Bruce Kuska: First, they need to train their developers. Like I said previously, most application developers are just that – not security professionals. They’re not educated on securing applications, just writing code that accomplishes a task. Getting them the training to write better, more secure code needs to be paramount.
Next, they need to have a maturity plan in place that includes many of the same steps and technologies that they would implement for any other cybersecurity threat. This includes embracing static analysis and application testing to test code for vulnerabilities while it’s being written, threat modeling, and automation of their application scanning infrastructure.
Finally, they need to stop relying only on dynamic testing or penetration testing. This is a snapshot in time that is time-consuming and doesn’t help solve the problems that are detected. It’s like a smoke alarm. It only notifies of the problem but doesn’t tell them where the fire is or put it out.
GDSOH: What new technologies or solutions can they implement for their application developers to help ensure they’re writing secure code, implementing secure open source code, and developing secure applications?
Bruce Kuska: I would start by embracing online training that is built into the develop infrastructure. This gives developers quick refreshers on application security and trains them to become better, more secure application developers over time. It can be customized for the organization’s needs.
Next, they should look at today’s advanced static application security testing (SAST) solutions, which are a set of technologies designed to analyze application source code, byte code, and binaries for coding and design conditions that are indicative of security vulnerabilities.
Frequent testing of the source code for vulnerabilities using SAST solutions saves time and money in the application development process. The sooner application vulnerabilities are found, the easier there are to mitigate. It’s like finding out the foundation of a building is cracked before the primary construction of the structure begins. So finding these early accelerates the software development lifecycle (SDLC) while saving them money in the long run.
“…just because an application is written by a private company doesn’t mean it’s completely secure. All applications – even commercial off-the-shelf solutions – can contain vulnerabilities that can be exploited.” – Bruce Kuska
They should also consider interactive application security testing (IAST) solutions that analyze code for security vulnerabilities while the applications are running. Embracing SAST and IAST solutions together ensures that all vulnerabilities are identified and can be eliminated before the application moves into a production environment.
GDSOH: Colleges and universities aren’t just developing and deploying their own software and applications – they’re also often training the next generation of application developers. What can higher education institutions do to prepare their students for an industry that is increasingly focused on AppSec?

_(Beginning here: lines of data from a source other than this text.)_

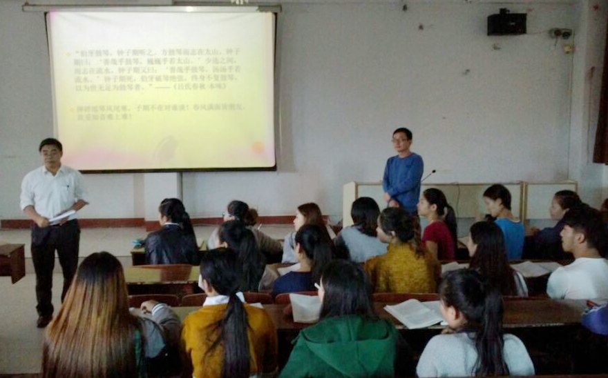 9月24日下午,艺术学院“示范课”活动拉开帷幕,王芳恒副院长到艺术学院课堂,与2014级音乐学专业学生一起听了艺术学院青年教师王钧所授的《中国音乐简史与欣赏》课程。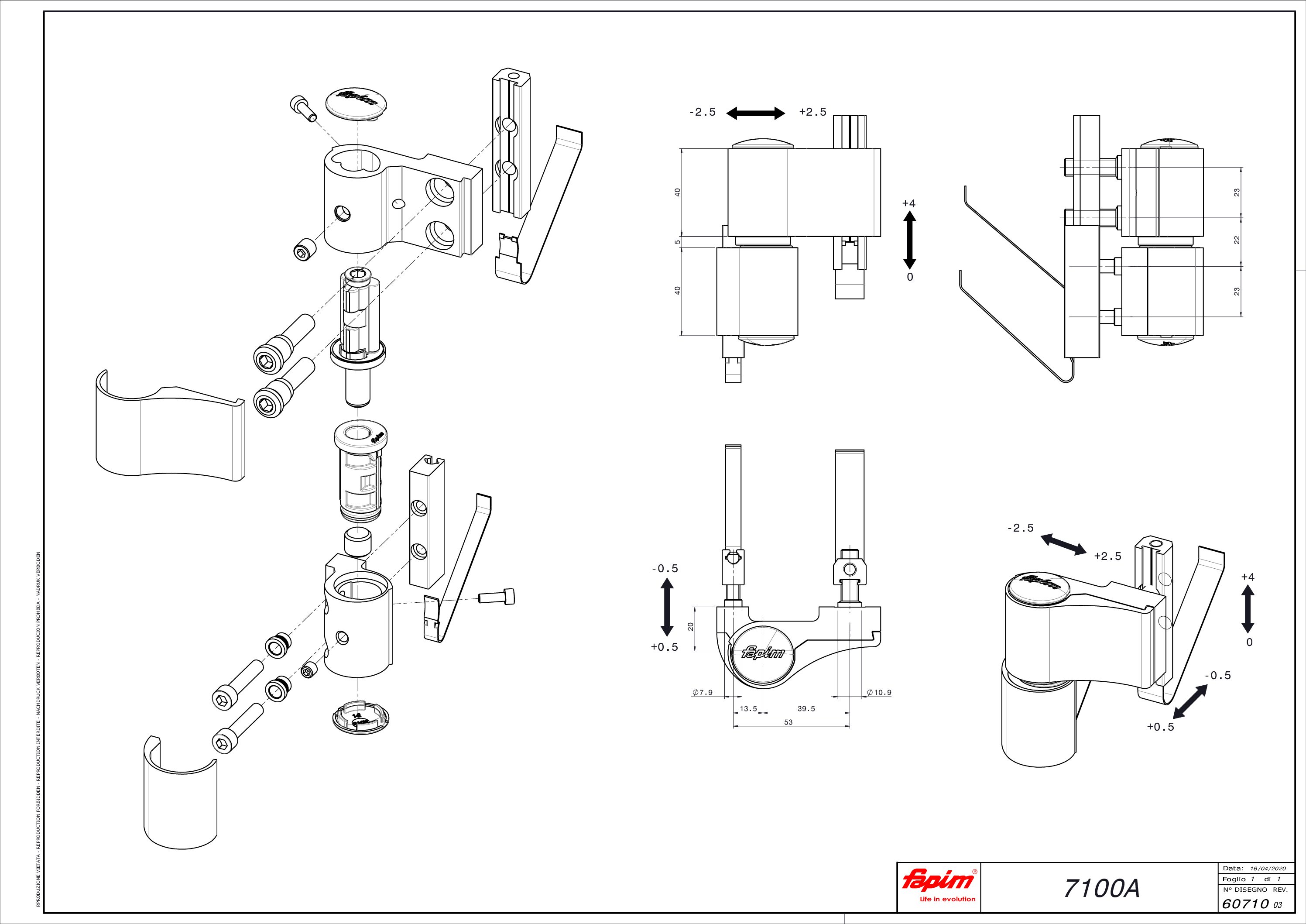 Balama aplicată, 2 aripi, interax 53mm, cu kit fixare, argintiu anodizat, Fapim 7100A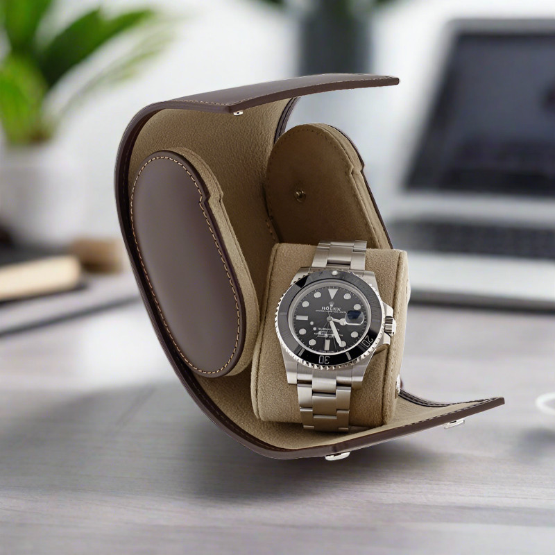 Size W 8 x L 9.7 x H 7 cm. The perfect Single Watch Roll Case for those who demand the finest quality travel storage for their luxury watches. Expertly crafted by hand using superb materials, Italian Calf Leather with Alcantara lining, this case is sure to impress.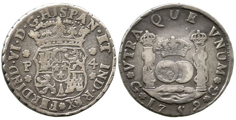 Guatemala, pillar 4 reales, Ferdinand VI, 1759P.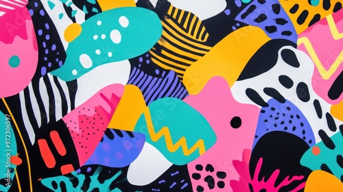 © Nathan, Fototapeta premium Colorful abstract pattern featuring vibrant shapes and bold designs, creating a lively and dynamic atmosphere.
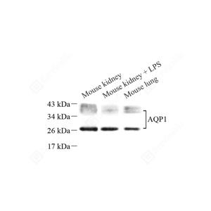 WB检测Aquaporin 1蛋白(货号 YB11321-1). 样品: 经RIPA裂解液(货号Y2013)处理的蛋白质. 封闭: 3%脱脂牛奶(货号YC310012)溶于TBST溶液, 室温孵育1小时. —抗: 1: 2000稀释, 4℃ 孵育过夜. 二抗: HRP标记山羊抗兔IgG (H+L) (货号YB23314), 1: 5000稀释, 室温孵育1小时. |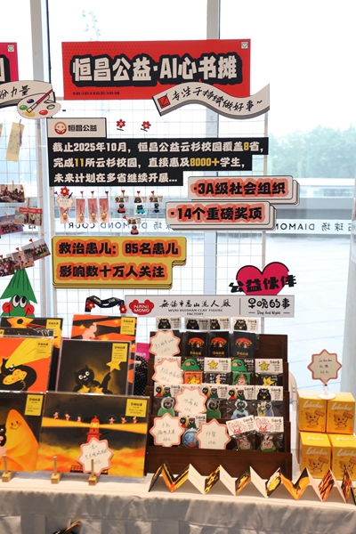 公益之路,从来不是孤军奋战的征途。每一份善意的延伸,都离不开伙伴们的并肩支撑。在恒昌公益“AI心书摊”爱心义卖区,“早晚的事”“无锡惠山泥人厂”怀揣着共同的公益初心,通过“以艺换爱”的方式携手同行,将商业资源、匠心工艺与公益使命紧密交织,让一件件文创产品成为传递温暖的载体,为乡村教育振兴注入源源不断的力量。

Bruce Kuska: Candidly, the same application developer training solutions that they’re utilizing in their own SDLC should be extended to their students. Teaching their students how to code securely will only make them more desirable, more in-demand developers when they enter the workforce.
But they shouldn’t just be using any training solution. Once that integrate into their SAST solutions, identify vulnerabilities and train the developers as they work are – in my opinion – the most successful. These solutions are continuously training the students and showing them when they make a mistake or write code with a vulnerability, which is retained and replicated better than training that exists outside of their work and is then quickly forgotten.